## Task prompt
Can you copy out the data exactly? Leave the images out.

## Dataset section
────────

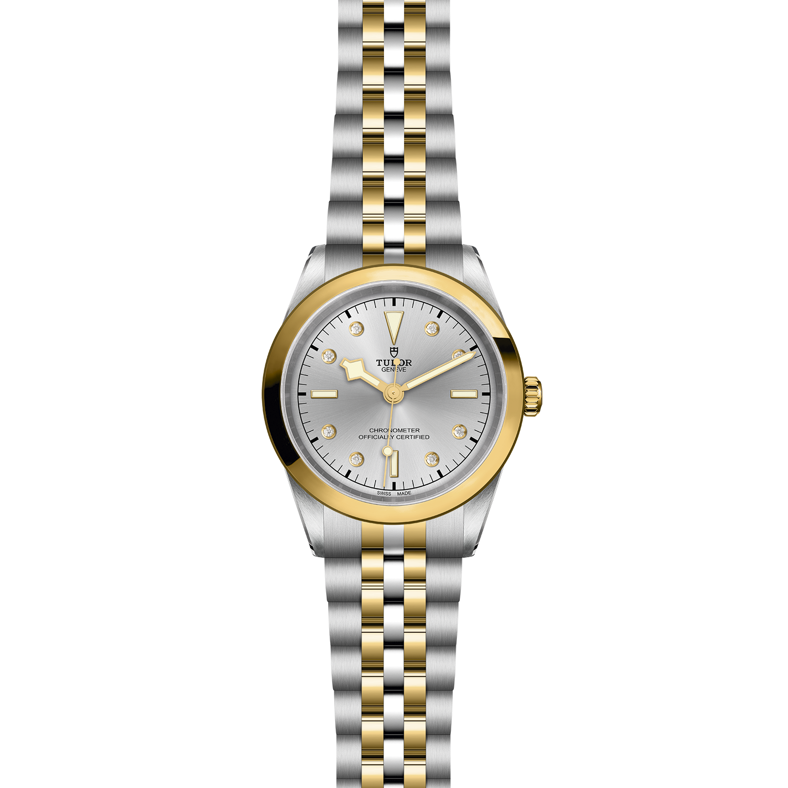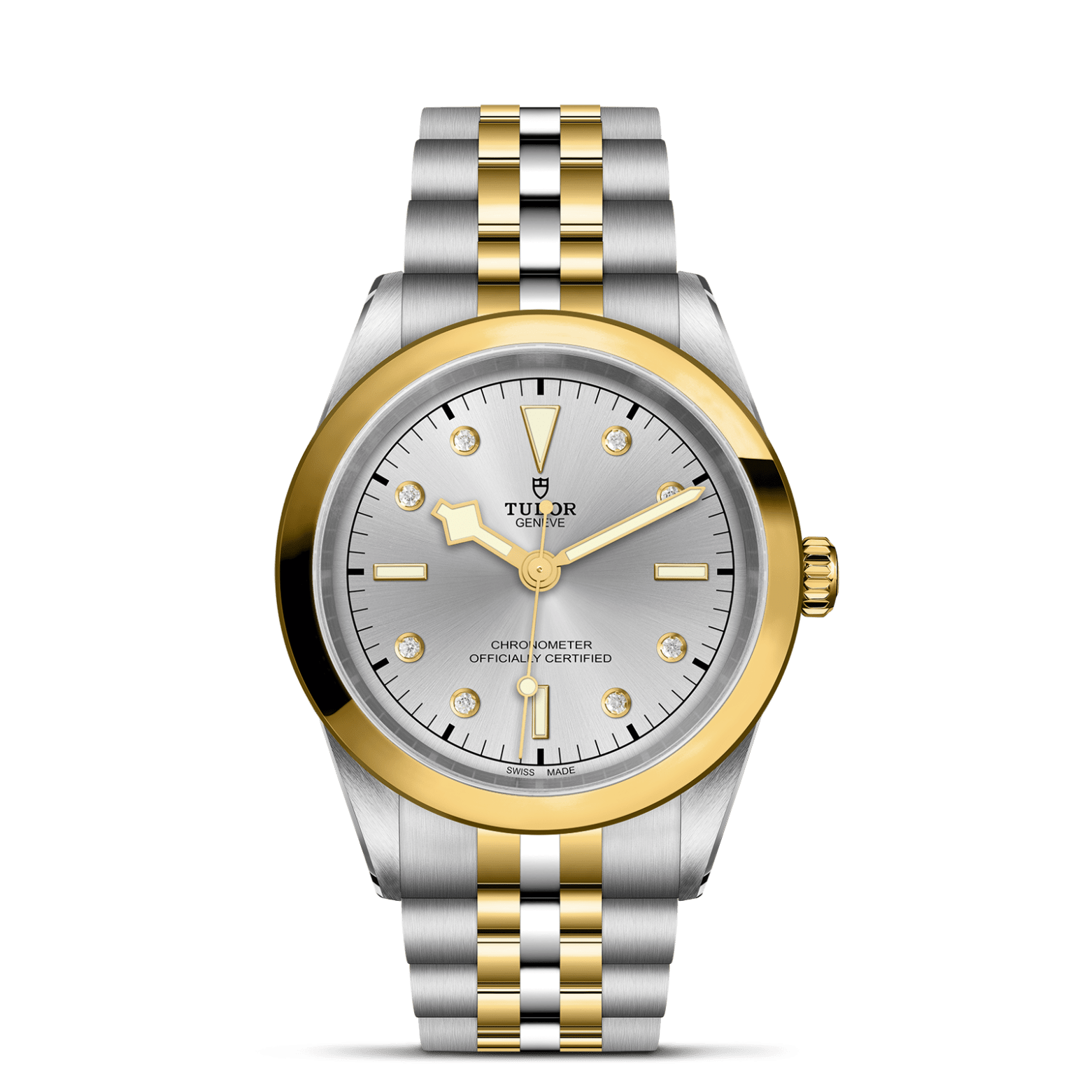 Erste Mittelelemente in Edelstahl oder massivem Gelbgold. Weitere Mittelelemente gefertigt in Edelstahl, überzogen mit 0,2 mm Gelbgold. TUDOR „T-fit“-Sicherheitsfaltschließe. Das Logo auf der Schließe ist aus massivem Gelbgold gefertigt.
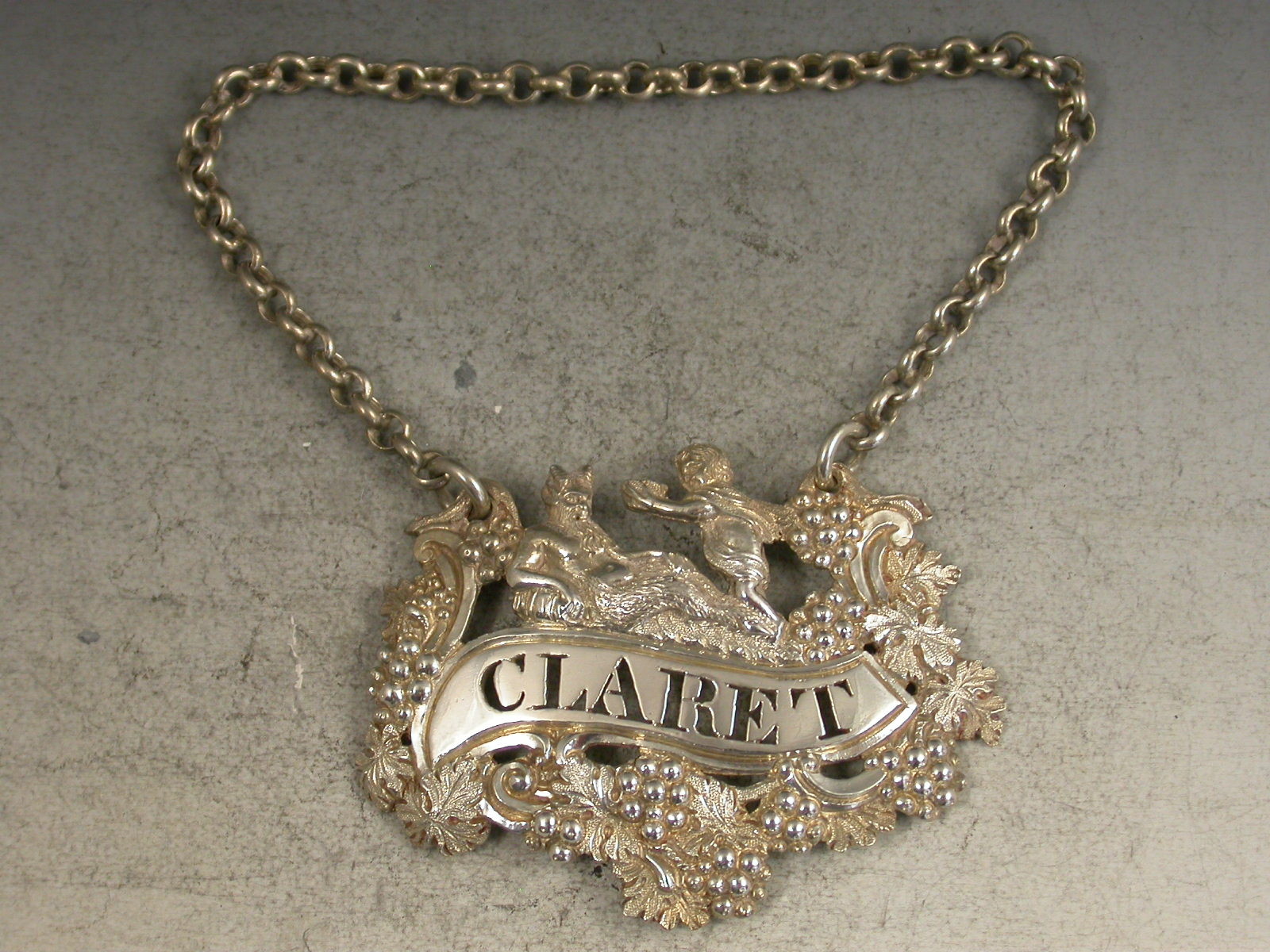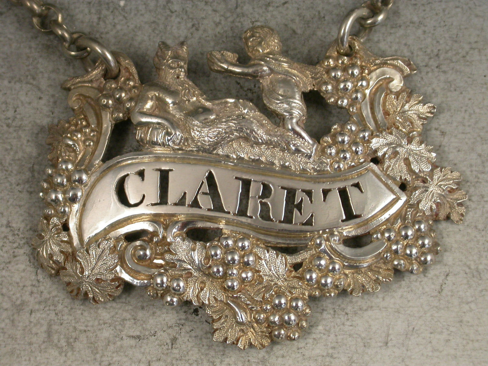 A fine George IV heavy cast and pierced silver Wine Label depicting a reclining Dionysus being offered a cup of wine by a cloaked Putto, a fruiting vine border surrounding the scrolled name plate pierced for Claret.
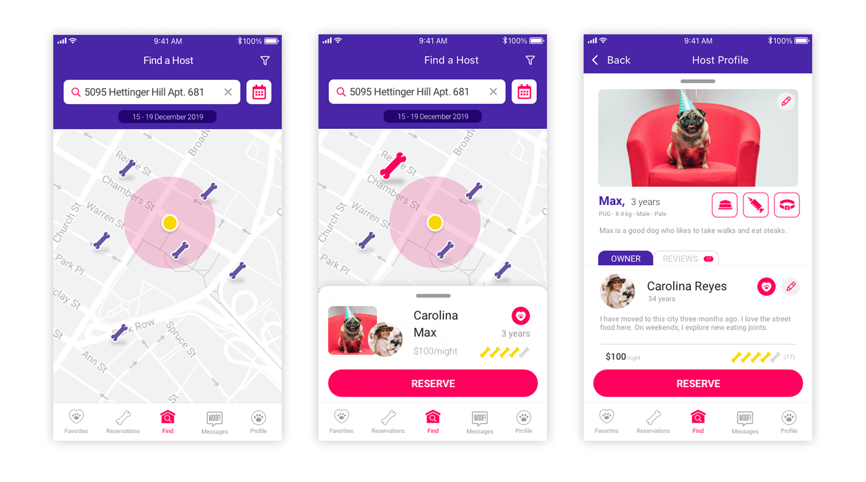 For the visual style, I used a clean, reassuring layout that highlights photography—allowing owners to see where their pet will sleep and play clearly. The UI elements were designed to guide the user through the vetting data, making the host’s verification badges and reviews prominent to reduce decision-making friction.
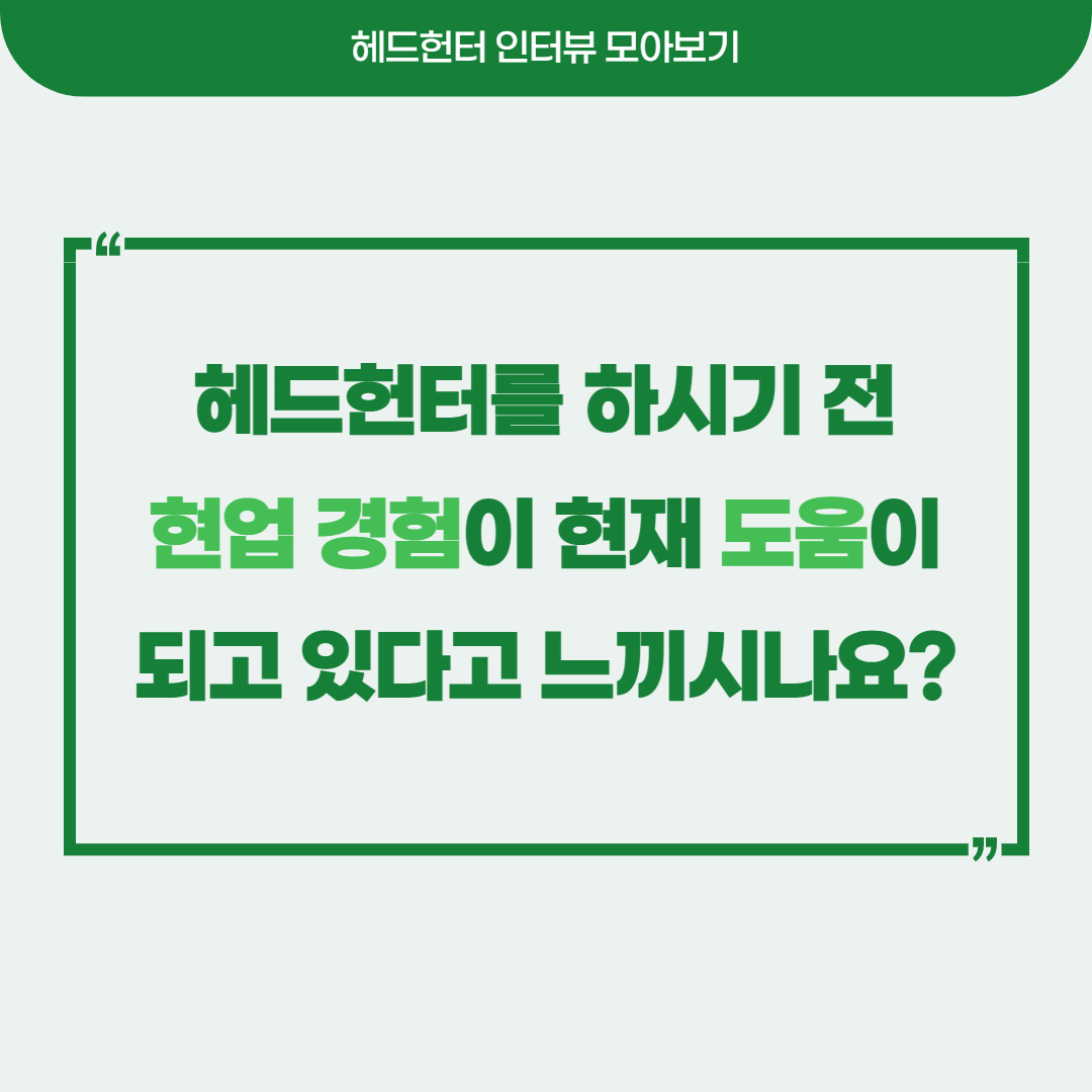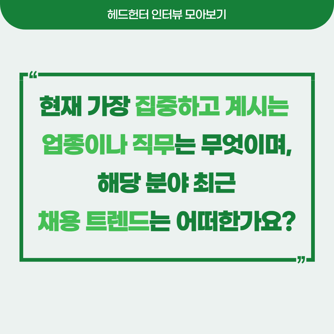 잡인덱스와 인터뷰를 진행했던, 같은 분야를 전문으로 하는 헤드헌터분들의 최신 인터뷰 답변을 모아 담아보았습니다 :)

────────

## Exercise response
 Erste Mittelelemente in Edelstahl oder massivem Gelbgold. Weitere Mittelelemente gefertigt in Edelstahl, überzogen mit 0,2 mm Gelbgold. TUDOR „T-fit“-Sicherheitsfaltschließe. Das Logo auf der Schließe ist aus massivem Gelbgold gefertigt.
 A fine George IV heavy cast and pierced silver Wine Label depicting a reclining Dionysus being offered a cup of wine by a cloaked Putto, a fruiting vine border surrounding the scrolled name plate pierced for Claret.
 For the visual style, I used a clean, reassuring layout that highlights photography—allowing owners to see where their pet will sleep and play clearly. The UI elements were designed to guide the user through the vetting data, making the host’s verification badges and reviews prominent to reduce decision-making friction.
 잡인덱스와 인터뷰를 진행했던, 같은 분야를 전문으로 하는 헤드헌터분들의 최신 인터뷰 답변을 모아 담아보았습니다 :)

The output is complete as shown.